I have a simple data set. The row names are a meaningful index and column 1 has a list of values. What I eventually want is the average of that list for each row name.
What it looks like now:
row name | years |
---|---|
108457 | [1200, 1200, 1540, 1890] |
237021 | [1600, 1270, 1270] |
What I eventually want it to look like:
row name | years |
---|---|
108457 | mean of list |
237021 | mean of list |
Currently, I'm trying to use unnest_wider(years)
. My plan is to then afterwards use rowMeans()
to find the mean of the unnested row. I can then merge the row name and average value with my main data set, so I'm not too concerned with deleting the new columns.
However, this whole process is taking a while and I'm having some issues with unnest_wider
. Currently, when I try:
unnest_wider(dataset, colname)
I get the following error:
Error in
as_indices_impl()
: ! Must subset columns with a valid subscript vector. ✖ Subscript has the wrong typedata.frame<years:list>
. ℹ It must be numeric or character.
When I try:
unnest_wider(colname)
My computer just runs endlessly and it looks like it's counting... it doesn't stop and I have to quit the application to terminate processing.

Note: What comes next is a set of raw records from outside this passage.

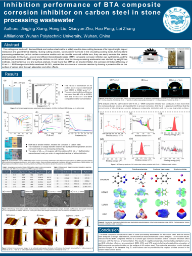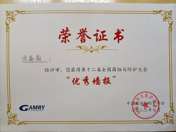 本次大会中,公司化工A 系研究生项晶晶在“缓蚀剂与应用”分会场做了《BTA复配缓蚀剂在石材废水中对碳钢的缓蚀性能》交流报告,并精心准备了墙报向与会专家、教授展示了研究成果。鉴于项晶晶同学在本次会议上的优秀表现,组委员会授予其“第十二届全国腐蚀与防护大会优秀墙报”。该奖项既是对项晶晶同学付出努力的公正肯定,也是对她未来发展潜力的鼓励。
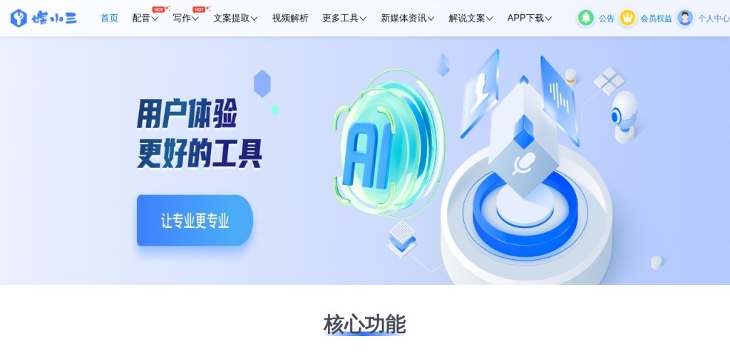 媒小三是一个实用的新媒体工具网,提供各种功能如 AI 配音、魔法写作、魔法绘画等,帮助新媒体人一站式快捷操作。产品定价根据功能和使用情况而定。
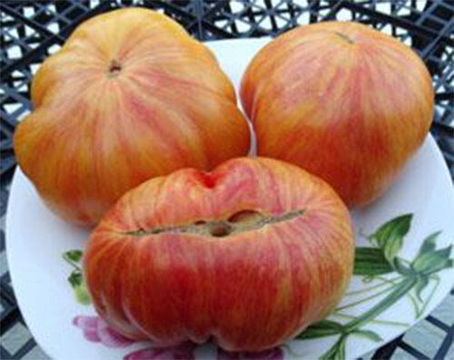 Высокорослый урожайный сорт. Плоды очень красивые, мясистые, многокамерные, сочные, превосходного вкуса. Аромат не сильный, но приятно-томатный. Очень вкусный, гармоничный, со сластинкой и кислинкой. Семян достаточно. Внутри такие же красивые, как и снаружи, оранжево-розовые. Мякоть сочная, мраморная, нежная, волокнистая, но волокна мягкие, приятные. Автор этого замечательного сорта Фрэд Хэмпель. Среднего срока созревания. Высота куста - 1,5 м. Масса плодов: 200-400 г.
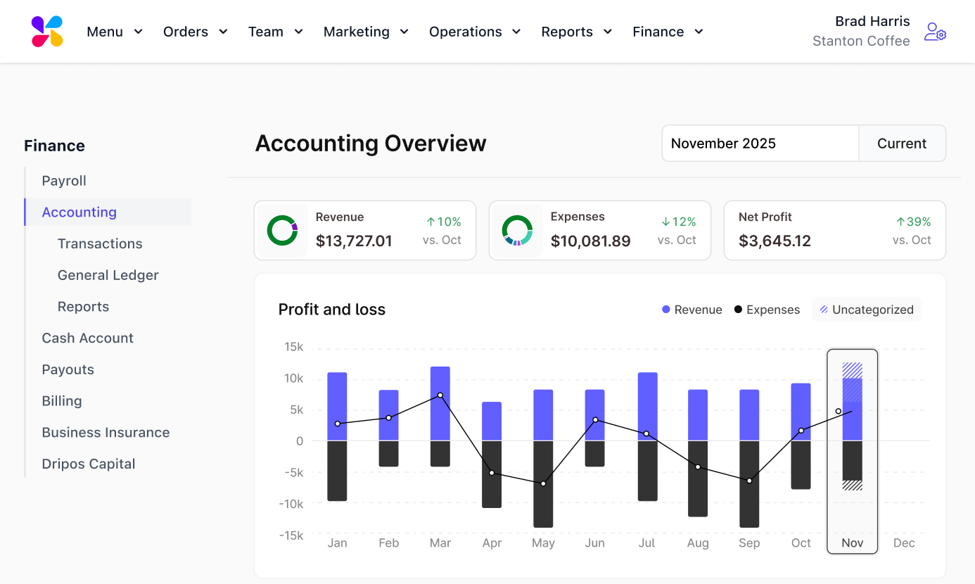 Dripos Accounting automatically captures all sales and labor data within Dripos and syncs expenses from business bank accounts and credit cards. Customers can easily categorize their business transactions and get complete financial reports right within the Dripos Dashboard.
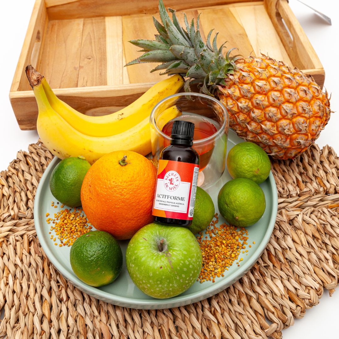 Une formule puissante qui allie une synergie d’actifs revitalisants dont la Vitamine C et le Guarana, qui contribuent à réduire la fatigue. Gelée Royale, Propolis, Citron, Romarin et huiles essentielles viennent compléter cette recette aussi boostante que délicieuse. Idéale en période chargée ou pour retrouver rapidement la forme.
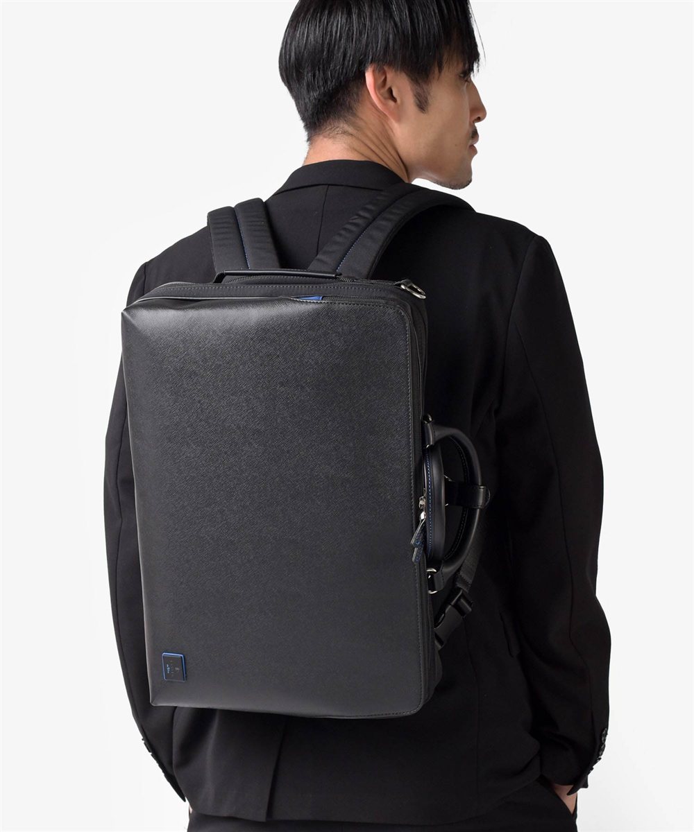 コメント:撥水性素材を使用し、一部に牛革をあしらったA4サイズ対応のセミハードビジネスバッグ。リュック・手持ち・ショルダーの3WAY仕様で、通勤から外出先での打ち合わせまで幅広く対応します。
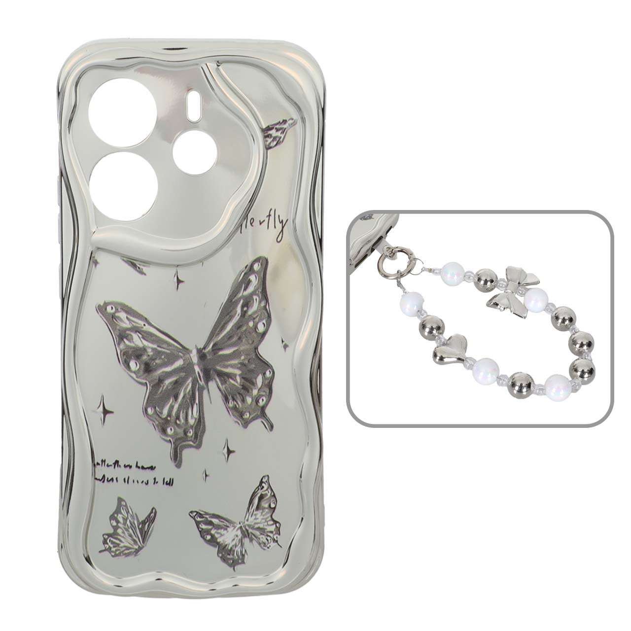 قاب کنگره ای آینه ای طرح دار با آویز مچی مرواریدی Xiaomi Redmi Note 14 4G – کد 71
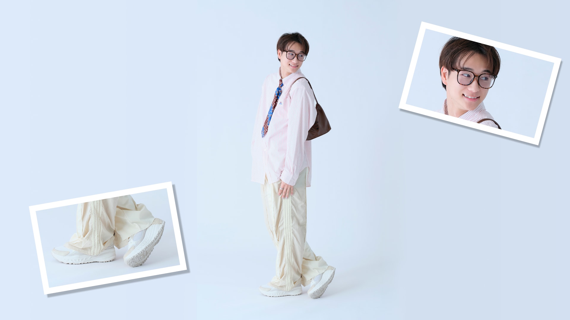 明るいカラーでまとめた爽やかなコーディネートに、おしゃれなメガネと個性のあるネクタイで遊びを取り入れることで、まとまりのある印象に。

I had previously tried to directly apply rowMeans
, use mean(df$ColName)
, and use apply(ColName, mean)
.
I wonder if there's a more efficient way?
It may be that I shouldn't have created the list in the first place. It looks like it does now because I converted it from this format:
Column A | Column B |
---|---|
108457 | 1200 |
108457 | 1200 |
108457 | 1540 |
237021 | 1600 |
108457 | 1890 |
237021 | 1270 |
I converted it using pivot_wide
r and then as.data.frame.(t(dataset))
Should I have tried to get the averages directly from this format? If so, how would I do that?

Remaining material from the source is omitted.